Сведения о трудностях пути из Москвы в Сибирь; конспирация Михаила Строгова под купца Николая Корпанова из Иркутска; сложности путешествия неофициального лица; выезд из Москвы 16 июля в простонародной одежде; разговоры в вагоне прочих пассажиров, встревоженных новостями о вторжении тартар;

Подлинный "Михаил Строгов". 3. Часть первая. Главы III-V -

двое иностранных корреспондентов собирают сведения среди попутчиков; появление юной прекрасной незнакомки в вагоне Михаила Строгова;

Подлинный "Михаил Строгов". 3. Часть первая. Главы III-V -

авария, в ходе которой девушка проявляет смелость и выдержку.

Подлинный "Михаил Строгов". 3. Часть первая. Главы III-V -

Глава V— ПОСТАНОВЛЕНИЕ ИЗ ДВУХ ПУНКТОВ

(глава подверглась корректировке двоякого рода: исключённые фрагменты отмечены bold шрифтом, включённые позднее - italic)

Подлинный "Михаил Строгов". 3. Часть первая. Главы III-V -

Нижний Новгород, расположенный при слиянии Волги и Оки, является главным городом губернии с тем же именем.
Именно здесь Михаил Строгов собирался оставить железную дорогу, которая тогда в этом городе и заканчивалась. А значит, чем дальше лежал его путь, тем менее скорыми, а затем и менее надежными становились средства передвижения.
Население Нижнего Новгорода, обычно насчитывающее от тридцати до тридцати пяти тысяч жителей, теперь перевалило за триста тысяч, то есть удесятерилось.
Этим ростом город был обязан знаменитой ярмарке, которая на три недели располагалась в его стенах.
Когда-то подобными наездами торгового люда славился Макарьев, но уже с 1817 года ярмарка переместилась в Нижний Новгород. Обычно сонный и угрюмый, город на это время становился очень оживленным. В азарте торговых сделок братскими чувствами проникались купцы, представлявшие не менее десятка разных европейских и азиатских народов.

Михаил Строгов покинул вокзал в достаточно поздний час, однако множество народа толпилось еще на улицах обоих городов, на которые делит Нижний Новгород течение Волги, причем верхний из них, построенный на уступе скалы, окружен одной из тех крепостей, что в России называют «кремлем». Если бы Михаилу Строгову пришлось сделать в Нижнем Новгороде остановку, то едва ли он смог найти здесь гостиницу или даже сколько-нибудь приличный трактир. Все было переполнено.
Но так как продолжать путь немедленно он все равно не мог — ведь предстояло пересесть на волжский пароход, — следовало побеспокоиться насчет хоть какого-нибудь пристанища.
Однако прежде он решил выяснить точное время отправления и зашел в контору той Компании, чьи пароходы ходили между Нижним Новгородом и Пермью.
Там он, к великому своему разочарованию, узнал, что «Кавказ» — так назывался пароход, отправлялся в Пермь лишь завтра в полдень.
Семнадцать часов ожидания!
Какая досада для человека, который страшно спешит!
Но приходится смириться. Что он и сделал — он не любил терзаться понапрасну.
К тому же в нынешних обстоятельствах никакой экипаж — телега или тарантас, дорожная карета или почтовая одноколка, — равно как и никакая верховая лошадь не смог бы доставить его быстрее, будь то в Пермь или в Казань.
Оставалось дожидаться парохода — средства более скорого, позволявшего наверстать упущенное время.
И вот теперь Михаил Строгов шагал по городу и справлялся, без особого, впрочем, беспокойства, насчет какого-нибудь постоялого двора.
Сам ночлег его не очень заботил, и, если бы не терзавший его голод, он, вероятно, так и прослонялся бы по городу до утра.
Поиски эти имели целью скорее ужин, чем постель.

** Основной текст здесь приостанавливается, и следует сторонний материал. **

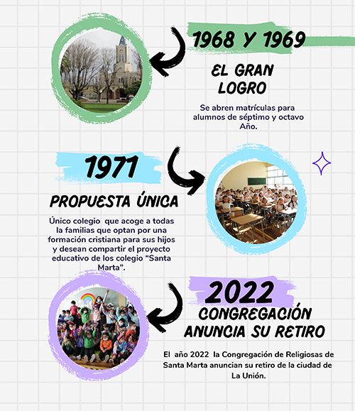 El grupo de Padres no dejó morir sus iniciativas y una vez más en busca de otra Congregación Religiosa que lleve a cabo sus ideales, Es así, como el 10 de marzo de 1961, arriban a la ciudad de La Unión las religiosas de Santa Marta para asumir la conducción del Establecimiento Educacional, que cuenta en ese momento con 107 alumnos, matrícula que año a año crece notablemente, logrando crearse en los años 1968 y 1969 el séptimo y octavo Año.

И вдруг нашлось и то и другое — под вывеской «Город Константинополь».
Трактирщик предложил ему комнату хоть и бедно обставленную, но вполне приличную, где на стенах рядом с образом Божьей Матери висели изображения святых в обрамлении из позолоченной ткани.
Утка с острой начинкой, тонувшая в густой сметане, ячменный хлеб, простокваша, корица в сахарной пудре, кувшин кваса, напитка вроде пива, широко распространенного в России, — все это было подано разом, хотя для утоления голода хватило бы и ужина поскромнее.
Так или иначе, но он поужинал — притом куда плотнее, чем его сосед по столу, «старообрядец» из секты «раскольников», который, блюдя обет воздержания, выбрасывал из тарелки картошку и остерегался класть в чай сахар.
Отужинав, Михаил Строгов не стал подниматься к себе в комнату, а опять, без особых целей, отправился гулять по городу.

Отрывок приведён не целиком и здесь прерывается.